In order to maximize his player budget (a fifth of the size of larger teams’ budgets), Oakland A’s General Manager, Billy Beane, broke with tradition and applied an analytical approach to baseball’s flawed and subjective scouting system. His staff drafted young, inexpensive players and obtained unwanted, affordable veterans with high on-base percentages as well as unorthodox pitchers who generated a lot of ground outs. Using statistical analysis known as sabermetrics, the Oakland A’s were able to level the playing field and proceed to outsmart and outperform much richer teams. All of the MLB teams had access to the same data; however, the Oakland A’s identified inefficiencies in how the data was being used and capitalized on them.
Another fantastic example of a work practice that uses data to inform decisions is from the father of Lean Thinking – W. Edwards Deming.
Deming was an American Mathematician who pioneered the use of statistics in manufacturing process control and continuous improvement helped revolutionize the Japanese manufacturing industry post World War 2 using the Plan-Do-Check-Act cycle. Born from this work is the Toyota Production System and Lean.
The health care industry has tackled these issues over recent years and anyone who has visited the hospital may have noticed the transformation to digital medical records.

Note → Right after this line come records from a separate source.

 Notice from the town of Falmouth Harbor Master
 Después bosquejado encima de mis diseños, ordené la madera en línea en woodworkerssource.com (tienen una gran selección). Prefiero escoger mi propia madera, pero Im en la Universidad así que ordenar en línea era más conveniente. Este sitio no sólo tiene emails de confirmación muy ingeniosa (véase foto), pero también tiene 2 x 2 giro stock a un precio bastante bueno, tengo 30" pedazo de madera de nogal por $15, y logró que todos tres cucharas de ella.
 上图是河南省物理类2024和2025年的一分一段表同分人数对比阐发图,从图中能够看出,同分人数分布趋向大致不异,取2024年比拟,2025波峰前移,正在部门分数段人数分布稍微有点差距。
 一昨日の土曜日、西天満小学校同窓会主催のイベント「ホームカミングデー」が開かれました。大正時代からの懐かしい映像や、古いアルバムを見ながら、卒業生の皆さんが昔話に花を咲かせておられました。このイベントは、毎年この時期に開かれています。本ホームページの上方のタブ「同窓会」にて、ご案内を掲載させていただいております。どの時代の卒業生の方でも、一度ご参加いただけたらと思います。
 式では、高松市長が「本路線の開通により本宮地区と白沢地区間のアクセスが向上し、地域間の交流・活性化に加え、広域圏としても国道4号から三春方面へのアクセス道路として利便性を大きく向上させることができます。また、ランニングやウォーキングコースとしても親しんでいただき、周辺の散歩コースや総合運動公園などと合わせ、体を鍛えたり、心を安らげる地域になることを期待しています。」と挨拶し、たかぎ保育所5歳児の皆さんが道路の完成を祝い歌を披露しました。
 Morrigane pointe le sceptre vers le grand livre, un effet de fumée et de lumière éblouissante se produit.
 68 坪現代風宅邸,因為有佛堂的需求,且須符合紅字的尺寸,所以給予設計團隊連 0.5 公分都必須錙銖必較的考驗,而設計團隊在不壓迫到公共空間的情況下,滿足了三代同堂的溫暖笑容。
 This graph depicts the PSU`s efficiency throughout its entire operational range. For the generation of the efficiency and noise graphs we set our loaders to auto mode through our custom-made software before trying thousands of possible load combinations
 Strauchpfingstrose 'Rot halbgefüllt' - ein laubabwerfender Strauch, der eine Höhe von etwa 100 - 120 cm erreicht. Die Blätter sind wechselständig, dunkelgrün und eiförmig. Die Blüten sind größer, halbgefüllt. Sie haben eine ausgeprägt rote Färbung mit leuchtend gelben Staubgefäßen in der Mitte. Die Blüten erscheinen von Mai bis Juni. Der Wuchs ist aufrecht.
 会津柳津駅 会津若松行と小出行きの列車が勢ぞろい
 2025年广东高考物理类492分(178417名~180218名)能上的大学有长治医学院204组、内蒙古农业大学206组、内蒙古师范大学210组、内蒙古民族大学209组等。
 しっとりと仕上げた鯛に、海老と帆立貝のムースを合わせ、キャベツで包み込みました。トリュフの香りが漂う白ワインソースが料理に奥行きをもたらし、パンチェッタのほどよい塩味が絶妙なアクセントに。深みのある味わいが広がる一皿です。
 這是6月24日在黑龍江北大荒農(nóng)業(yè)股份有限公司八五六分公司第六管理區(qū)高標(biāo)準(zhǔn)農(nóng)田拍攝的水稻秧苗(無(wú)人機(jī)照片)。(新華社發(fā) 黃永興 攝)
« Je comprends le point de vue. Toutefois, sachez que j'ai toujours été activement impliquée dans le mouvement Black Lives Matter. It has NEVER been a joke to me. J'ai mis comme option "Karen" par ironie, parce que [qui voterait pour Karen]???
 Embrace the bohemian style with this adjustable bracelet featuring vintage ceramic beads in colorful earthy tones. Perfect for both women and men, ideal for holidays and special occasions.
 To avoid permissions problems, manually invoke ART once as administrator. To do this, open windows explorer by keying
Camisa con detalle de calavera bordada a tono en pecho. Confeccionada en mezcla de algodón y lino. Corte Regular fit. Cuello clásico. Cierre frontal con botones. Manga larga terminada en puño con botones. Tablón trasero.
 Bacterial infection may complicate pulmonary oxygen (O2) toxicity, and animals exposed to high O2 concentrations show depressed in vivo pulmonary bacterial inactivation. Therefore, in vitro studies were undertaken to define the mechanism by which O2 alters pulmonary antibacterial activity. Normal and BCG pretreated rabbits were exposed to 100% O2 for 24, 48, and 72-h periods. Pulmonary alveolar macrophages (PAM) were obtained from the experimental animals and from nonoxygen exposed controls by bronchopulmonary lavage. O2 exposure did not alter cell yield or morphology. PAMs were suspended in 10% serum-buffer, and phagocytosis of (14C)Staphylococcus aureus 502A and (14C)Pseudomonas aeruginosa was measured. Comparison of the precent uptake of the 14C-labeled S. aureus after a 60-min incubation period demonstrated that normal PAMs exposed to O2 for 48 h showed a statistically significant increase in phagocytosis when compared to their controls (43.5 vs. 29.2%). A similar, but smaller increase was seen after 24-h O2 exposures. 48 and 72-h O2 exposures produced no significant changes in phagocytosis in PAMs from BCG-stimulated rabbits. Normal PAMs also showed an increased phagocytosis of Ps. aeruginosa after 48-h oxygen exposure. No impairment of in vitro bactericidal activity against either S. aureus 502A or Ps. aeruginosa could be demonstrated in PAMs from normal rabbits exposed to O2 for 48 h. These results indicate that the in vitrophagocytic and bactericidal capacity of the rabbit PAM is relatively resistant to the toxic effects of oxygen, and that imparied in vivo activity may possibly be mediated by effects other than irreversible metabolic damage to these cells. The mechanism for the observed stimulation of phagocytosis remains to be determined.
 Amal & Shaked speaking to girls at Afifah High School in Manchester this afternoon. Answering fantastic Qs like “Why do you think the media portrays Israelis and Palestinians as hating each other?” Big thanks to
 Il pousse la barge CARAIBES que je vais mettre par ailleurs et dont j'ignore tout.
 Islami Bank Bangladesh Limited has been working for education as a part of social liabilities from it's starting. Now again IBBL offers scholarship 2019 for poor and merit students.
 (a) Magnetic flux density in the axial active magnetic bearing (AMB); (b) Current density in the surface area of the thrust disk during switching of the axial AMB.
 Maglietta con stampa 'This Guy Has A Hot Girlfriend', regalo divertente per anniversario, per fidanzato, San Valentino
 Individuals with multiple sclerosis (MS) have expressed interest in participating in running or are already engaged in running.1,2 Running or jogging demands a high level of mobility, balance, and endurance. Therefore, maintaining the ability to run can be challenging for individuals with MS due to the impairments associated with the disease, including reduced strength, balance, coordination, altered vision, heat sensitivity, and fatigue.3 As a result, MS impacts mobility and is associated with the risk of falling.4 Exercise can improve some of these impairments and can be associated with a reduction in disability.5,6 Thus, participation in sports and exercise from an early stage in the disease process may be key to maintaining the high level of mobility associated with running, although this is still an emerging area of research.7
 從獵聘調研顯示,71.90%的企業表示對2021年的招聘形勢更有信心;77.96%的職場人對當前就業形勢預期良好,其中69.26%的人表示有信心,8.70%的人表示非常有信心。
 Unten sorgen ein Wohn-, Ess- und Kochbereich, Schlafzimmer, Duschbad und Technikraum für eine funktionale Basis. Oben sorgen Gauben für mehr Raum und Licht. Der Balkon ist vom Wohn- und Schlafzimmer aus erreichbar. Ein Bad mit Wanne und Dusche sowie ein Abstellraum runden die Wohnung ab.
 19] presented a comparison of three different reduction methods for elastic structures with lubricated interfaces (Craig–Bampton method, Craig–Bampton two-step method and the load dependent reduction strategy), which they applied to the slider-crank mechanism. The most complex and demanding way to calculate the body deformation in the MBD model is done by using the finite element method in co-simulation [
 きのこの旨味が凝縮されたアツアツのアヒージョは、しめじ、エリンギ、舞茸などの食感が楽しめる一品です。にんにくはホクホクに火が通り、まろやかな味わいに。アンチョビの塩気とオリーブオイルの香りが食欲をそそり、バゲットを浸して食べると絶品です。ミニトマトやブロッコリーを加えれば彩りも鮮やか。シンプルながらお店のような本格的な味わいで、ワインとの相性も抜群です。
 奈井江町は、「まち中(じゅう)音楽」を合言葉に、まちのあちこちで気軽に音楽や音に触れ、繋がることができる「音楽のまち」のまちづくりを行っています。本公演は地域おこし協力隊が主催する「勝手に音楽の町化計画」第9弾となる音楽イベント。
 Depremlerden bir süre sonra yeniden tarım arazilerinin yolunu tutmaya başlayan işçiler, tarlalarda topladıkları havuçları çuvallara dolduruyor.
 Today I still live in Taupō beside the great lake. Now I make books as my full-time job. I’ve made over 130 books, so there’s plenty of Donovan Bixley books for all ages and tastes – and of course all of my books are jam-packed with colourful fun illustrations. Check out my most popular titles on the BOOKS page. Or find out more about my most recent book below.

The construction industry may be able to leverage some of these learnings.
Principles for improving data capture
Here are some guiding principles that can help improve your data maturity:
- Capture electronically close in person, place and time
- Plan the master/reference data to align with how the project performance is to be measured and align with the financial system.
- Use reference codes/identifiers/geolocation for resources (people, equipment, materials, companies) to allow easy cross-referencing
- Express data in self-describing formats where possible
- Exchange data in neutral file formats – avoid proprietary file formats
- Agree a “source of truth” for core data like budgets, people, equipment, …
- Organise and store for ease of accessibility
- Favour less high-quality data over more unreliable data
- Balance detail (granularity) against the cost of capture
- Convert data into information and drive decision making
Tackling the above challenges is not easy, especially in an environment where systems are fragmented and each party in the supply chain is not always incentivised to share information freely.
Projects that have converted the above process into a digital process by applying the above principles realise significant benefits. Not only in the administration effort saved, but also in having transparency of accrued costs available for performance analysis usually by the next day.
A project team that adopts a data-driven mindset and starts using that information to inform decisions will naturally improve project performance.
The data we collect (and the way we collected it) is an asset and can be used to improve the productivity of projects. We already have the capability and existing technology to collect and refine the data into useful information. What we need to is to challenge the old habits for data collection and processing and to get smarter about what we do.
Refining our construction data relies on being able to process and link with other information so that we can make informed decisions.